1. From 2009 to 2012, Tirrell negligently caused violations of Section 15(c)(3) of the Exchange Act and Rule 15c3-3 thereunder by Merrill Lynch, Pierce, Fenner & Smith, Inc. ("MLPF&S") and its wholly-owned subsidiary, Merrill Lynch Professional Clearing Corp. ("MLPro" and together with MLPF&S, "ML").2. As stated in a previous settled and admitted order concerning ML, see In the Matter of Merrill Lynch, Pierce, Fenner & Smith Incorporated and Merrill Lynch Professional Clearing Corp., Admin. Proc. File No. 3-17312 (June 23, 2016), ML during this period willfully violated Section 15(c)(3) of the Exchange Act and Rule 15c3-3 thereunder. Known as the Customer Protection Rule ("Rule"), Rule 15c3-3 requires broker-dealers to safeguard the cash of their customers so that customer assets can be quickly returned if the firm fails. ML violated the Rule by failing to deposit a sufficient amount of cash in a customer reserve account it was required to maintain pursuant to Rule 15c3-3(e), thereby placing billions of dollars of ML customers' money at risk. ML underfunded its reserve account by billions of dollars through the use of trades, known internally as Leveraged Conversion Trades ("Trades"), that improperly used ML customer assets to finance its own activities.3. Tirrell was MLPF&S's Head of Regulatory Reporting, which is the department responsible for, among other things, ensuring ML protects its customers by complying with Rule 15c3-3. Tirrell was also MLPF&S's designated Financial and Operational Principal ("FinOp"), assuming specific and primary responsibilities for the firm's compliance with the Rule. In these capacities, Tirrell and his subordinates calculated the customer reserve requirement each week. Tirrell caused ML to reduce the amount reserved by billions of dollars as a result of the Trades. He did so while failing to respond to questions from regulators about changes being made to the Trades of which he and others at ML gave approval. In addition, Tirrell should have known the purpose of the trades was to finance firm inventory and should have conveyed that purpose to regulators. In so doing, Tirrell was negligent.

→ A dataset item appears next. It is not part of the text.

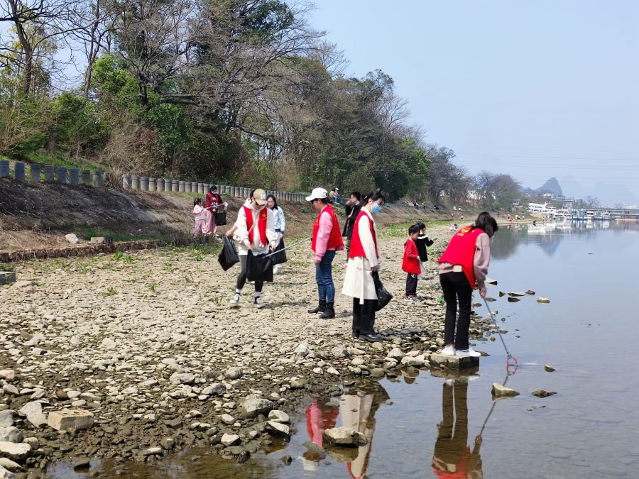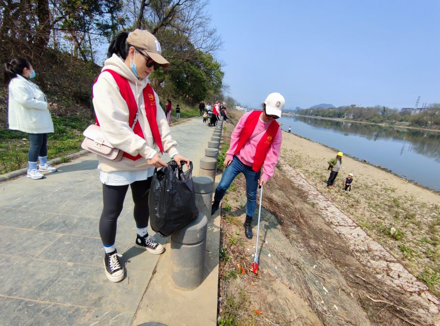 当日,两个党支部的部分党员带领团青年们,前往漓江桂海线段,沿江边一路徒步,一路捡拾江边垃圾。他们仔细拾取沿岸的塑料垃圾和烟头等,保护母亲河,维持“桂岭青青接绣岭,水光倒射马王台”的美丽景色。

SIDE BAR: Below find pertinent portions of the third and fourth paragraphs from the OIP's Summary. The highlighted red text shows the prior language in the OIP that varies from the subsequent assertions in the OMF.
Tirrell knowingly reduced the amount ML reserved by billions of dollars as a result of the Trades despite knowing that regulators had significant unanswered questions about changes being made to the Trades, changes that Tirrell both approved of and failed to address with those regulators. In addition, he failed to accurately disclose the purpose of the Trades to regulators and repeatedly ignored requests from regulators for information that, if provided, would have put an abrupt end to the Trades. In so doing, Tirrell was reckless and negligent.Tirrell likewise was reckless and negligent in aiding and abetting and causing ML's violations . . .Pursuant to the terms of the settlement, the SEC revised its allegations from asserting that Tirrell had "knowingly reduced" the reserves to his having "caused" the firm to do same. Further, the SEC revised its earlier allegations that Tirrell knew that regulators had "significant unanswered questions about changes being made" to his "failing to respond to questions." Moreover, the SEC revised its initial allegations that Tirrell had "failed to accurately disclose the purpose of the Trades to regulators and repeatedly ignored [their] requests" to he "should have known the purpose of the trades was to finance firm inventory and should have conveyed that purpose to regulators." Finally, the allegations that Tirrell's conduct was reckless and negligent in aiding and abetting and causing the firm's violations was revised to an allegation that he was negligent.